▸ Work task:
With the exception of the pictures, write out the data below precisely.

▸ Data segment:
##########
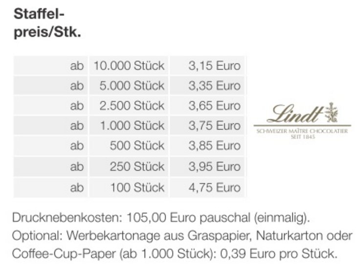 Preisliste Werbe-Osterei mit Schokoladenmischung von Lindt mit Logo Details
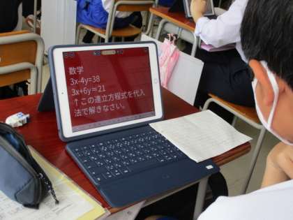 ロイロノートを使い、テストの予想問題の作成をしています。
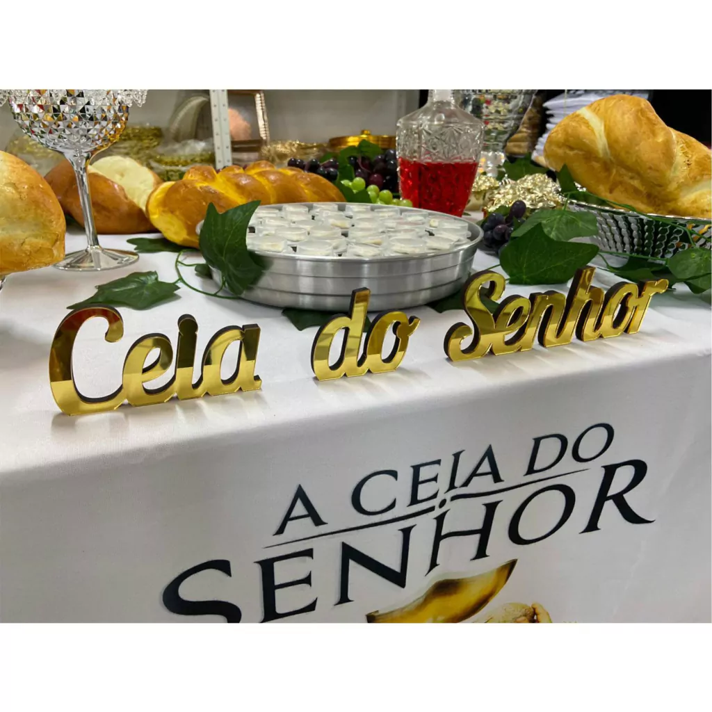 01 - Escrita Ceia do Senhor no acrílico dourado espelhado 40x6 Centímetros
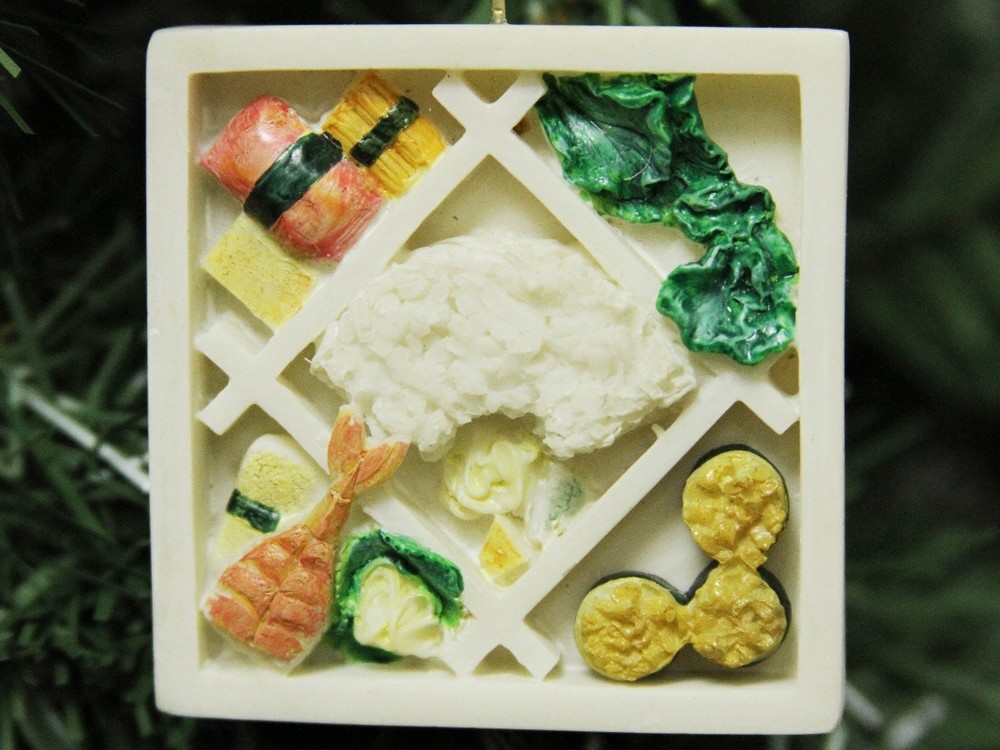 You are buying a new Sushi Bentobox Christmas Ornament. Nice detail. Size is about 2" inches tall. Ships from Ernie's Ornaments with gift box. Check out our eBay store. We have several hundred unique Christmas Ornaments. We combine shipping!
##########
▸ Result of the task:
 Preisliste Werbe-Osterei mit Schokoladenmischung von Lindt mit Logo Details
 ロイロノートを使い、テストの予想問題の作成をしています。
 01 - Escrita Ceia do Senhor no acrílico dourado espelhado 40x6 Centímetros
 You are buying a new Sushi Bentobox Christmas Ornament. Nice detail. Size is about 2" inches tall. Ships from Ernie's Ornaments with gift box. Check out our eBay store. We have several hundred unique Christmas Ornaments. We combine shipping!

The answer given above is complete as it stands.